8.  The scene where Karen sets off the radiation alarms actually happened. Her level of contamination was forty times the safe limit.

9.  First of three films that actress Meryl Streep and director Mike Nichols have made together. The movies include "Silkwood", "Heartburn" and "Postcards from the Edge". The two also collaborated on "Angels in America" for television.
10.  It was this film and the previous year's "Come Back to the Five and Dime, Jimmy Dean, Jimmy Dean" that introduced Cher as a serious actress. Both roles were ensemble/supporting parts which were the precursor of much bigger 1980s lead roles with "Mask", "Suspect", "Moonstruck" (for which she won an Oscar) and "The Witches of Eastwick".

11.  In an interview with "Entertainment Weekly", director Mike Nichols said that this film was "the beginning of me exploring a more fluid, less conscious approach to movies."
12.  In an interview with "American Film", Meryl Streep said of Karen Silkwood, "she wasn't Joan of Arc at all.

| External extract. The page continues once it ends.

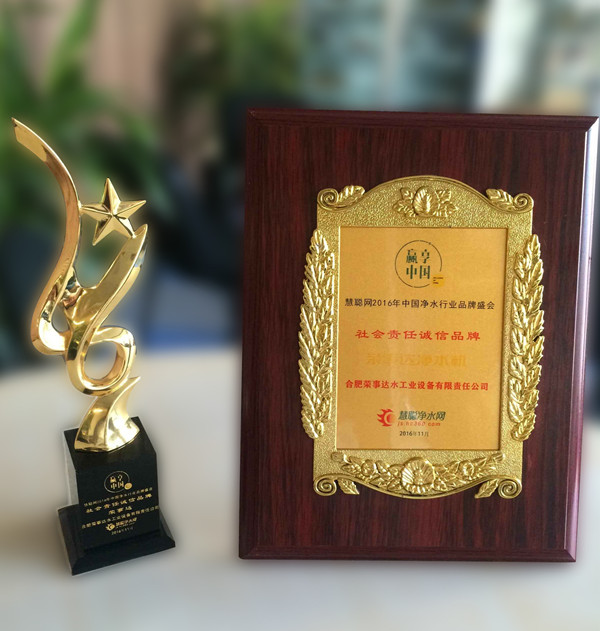 2016年11月25日,“贏享中國”2016年中國凈水產業生態大會暨品牌盛會頒獎盛典于北京釣魚臺國賓館隆重召開,合肥榮事達水工業設備有限責任公司榮獲品牌盛會2016“社會責任誠信品牌”獎。

She was unsavory in some ways and yet she did some very good things...[director] Mike [Nichols] spoke of the film as being about people being asleep in their lives and waking up: 'How did I get here?' And that's exactly how I felt...I think the movie is about human nature more than about any issue...I get very creepy feelings if I think about it [whether Streep's characterization let her get to know Karen Silkwood]. My heart breaks for her. She was only twenty-eight or twenty-nine when she died, and it was a real waste. I'm really glad I got the chance to try to step into her shoes for a while".

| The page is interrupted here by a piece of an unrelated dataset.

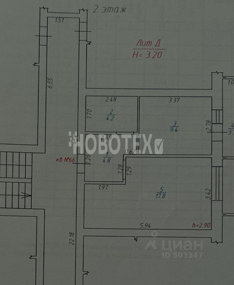 Квартира на втором этаже, общая площадь 39,9 м².

13.  An autopsy on Karen Silkwood after her death produced results that there was plutonium contamination in several of her body's organs. An civil court case followed that went on for years which resulted in the eventual out of court settlement of US $1.3 million.
And now you know.
"Silkwood" struck a chord with audiences throughout the US.  The reason was because four years prior to this film's release (and in real life), the Three Mile Island Accident occurred.  It was a partial nuclear meltdown which occurred in one of the two Three Mile Island nuclear reactors in Dauphin County, Pennsylvania on March 28, 1979.  It was considered the worst accident in U.S. commercial nuclear power plant history. The partial meltdown resulted in the release of small amounts of radioactive gases and radioactive iodine into the environment.  It's interesting to note that a film also about nuclear reactor plants and radiation leaks called "The China Syndrome" was released just 12 days before the Three Mile Island Accident occurred.  Such fears and concerns struck the very core of the American people which erupted into a nation-wide uproar that went on for years.  That uproar accompanied by the tragic real-life story of "whistle-blower" Karen Silkwood and her death helped make "Silkwood" a success.

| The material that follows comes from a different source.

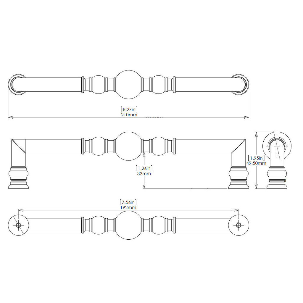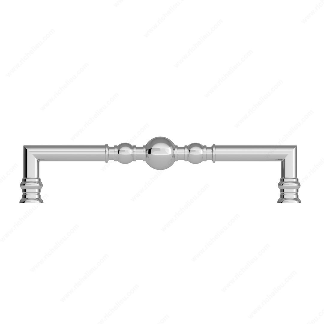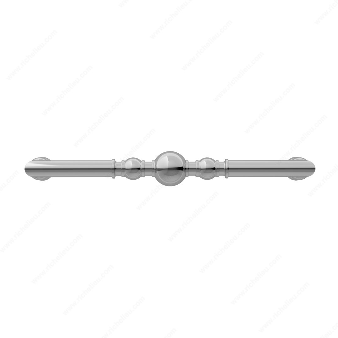 Richelieu BP8789192140 Traditional Metal Pull - 8789 offers a refined touch to any cabinetry or furniture piece. The elegant design features a symmetrical arrangement of beads and rings along the handle, making it a perfect choice for enhancing the sophistication of both traditional and contemporary interiors. With an overall length of 8 9/32 inches and a center-to-center measurement of 7 9/16 inches, this pull is ideal for various applications. Constructed from durable zamak, the pull combines strength with a sleek look, finished in a striking chrome that appeals to modern sensibilities. The gray and chrome color scheme allows for versatile pairing with different decor styles, while the traditional design ensures timeless appeal. This product is easy to install, featuring screws that are included for hassle-free mounting. With a projection of 1 31/32 inches and a width of 31/32 inches, it offers a comfortable grip for everyday use. The BP8789192140 is part of Richelieu's New Collection, making it a stylish addition to your design projects. It ships conveniently via UPS, ensuring you receive your order promptly. Upgrade your space with this classic yet contemporary pull that embodies elegance and functionality.

Below you'll find picture stills of the lead characters in the film "Silkwood" as well as picture stills from the film itself including three rarely seen photos of the real Karen Silkwood and her "accident"...







This film's closing epilogue: "The precise circumstances of Karen's death are unknown. It is also not known whether she had any documents with her. None were found. An autopsy revealed a high level of the tranquilizer Methaqualone and some alcohol in her bloodstream. Oklahoma police ruled her death a single car accident. A year later the plant shut down".